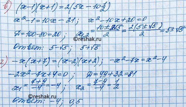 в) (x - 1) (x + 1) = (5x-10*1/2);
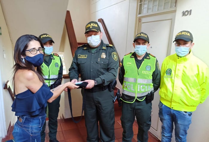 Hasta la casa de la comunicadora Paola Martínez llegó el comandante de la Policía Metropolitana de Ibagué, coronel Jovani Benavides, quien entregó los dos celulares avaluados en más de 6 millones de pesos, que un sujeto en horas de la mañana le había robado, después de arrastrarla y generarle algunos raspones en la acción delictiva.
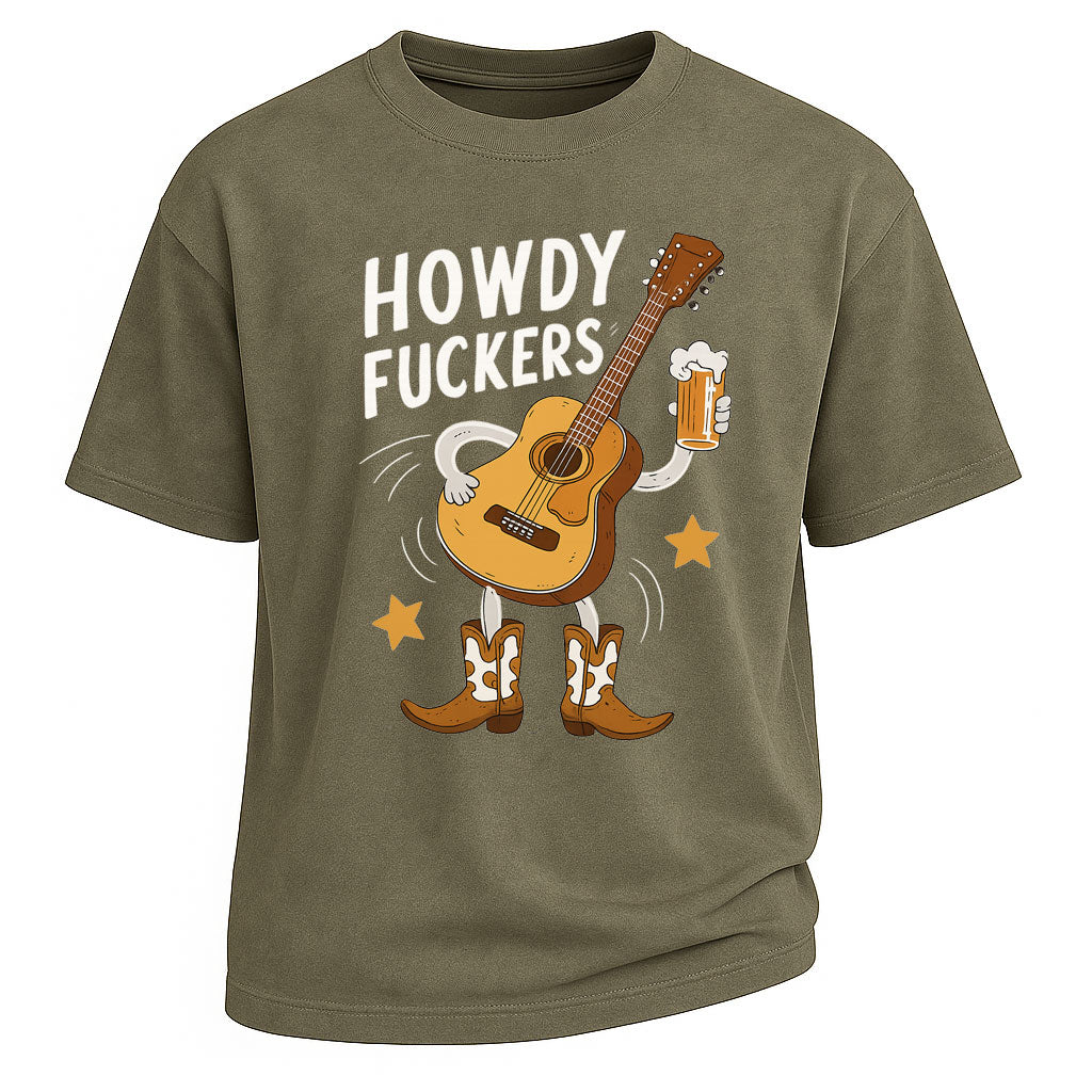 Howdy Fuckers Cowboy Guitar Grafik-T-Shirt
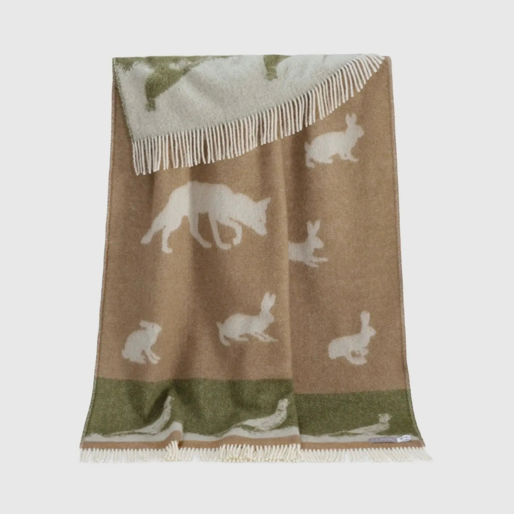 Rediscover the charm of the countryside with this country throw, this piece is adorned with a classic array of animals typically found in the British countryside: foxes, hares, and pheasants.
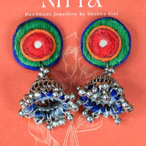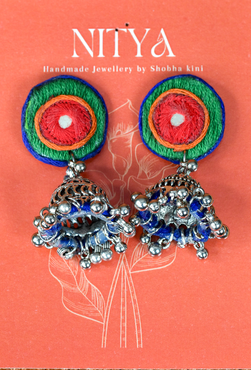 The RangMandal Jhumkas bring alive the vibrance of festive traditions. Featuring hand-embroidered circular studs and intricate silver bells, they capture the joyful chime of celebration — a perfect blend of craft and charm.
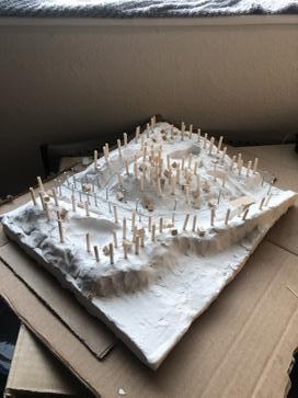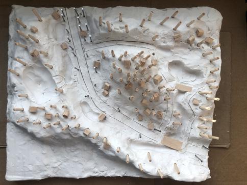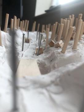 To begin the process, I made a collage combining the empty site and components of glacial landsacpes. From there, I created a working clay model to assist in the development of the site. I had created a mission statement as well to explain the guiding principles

About this exercise ▸ Nothing but the records, copied exactly and stripped of pictures, should be returned.

Reply to the exercise ▸
 в) (x - 1) (x + 1) = (5x-10*1/2);
 Hasta la casa de la comunicadora Paola Martínez llegó el comandante de la Policía Metropolitana de Ibagué, coronel Jovani Benavides, quien entregó los dos celulares avaluados en más de 6 millones de pesos, que un sujeto en horas de la mañana le había robado, después de arrastrarla y generarle algunos raspones en la acción delictiva.
 Howdy Fuckers Cowboy Guitar Grafik-T-Shirt
 Rediscover the charm of the countryside with this country throw, this piece is adorned with a classic array of animals typically found in the British countryside: foxes, hares, and pheasants.
 The RangMandal Jhumkas bring alive the vibrance of festive traditions. Featuring hand-embroidered circular studs and intricate silver bells, they capture the joyful chime of celebration — a perfect blend of craft and charm.
 To begin the process, I made a collage combining the empty site and components of glacial landsacpes. From there, I created a working clay model to assist in the development of the site. I had created a mission statement as well to explain the guiding principles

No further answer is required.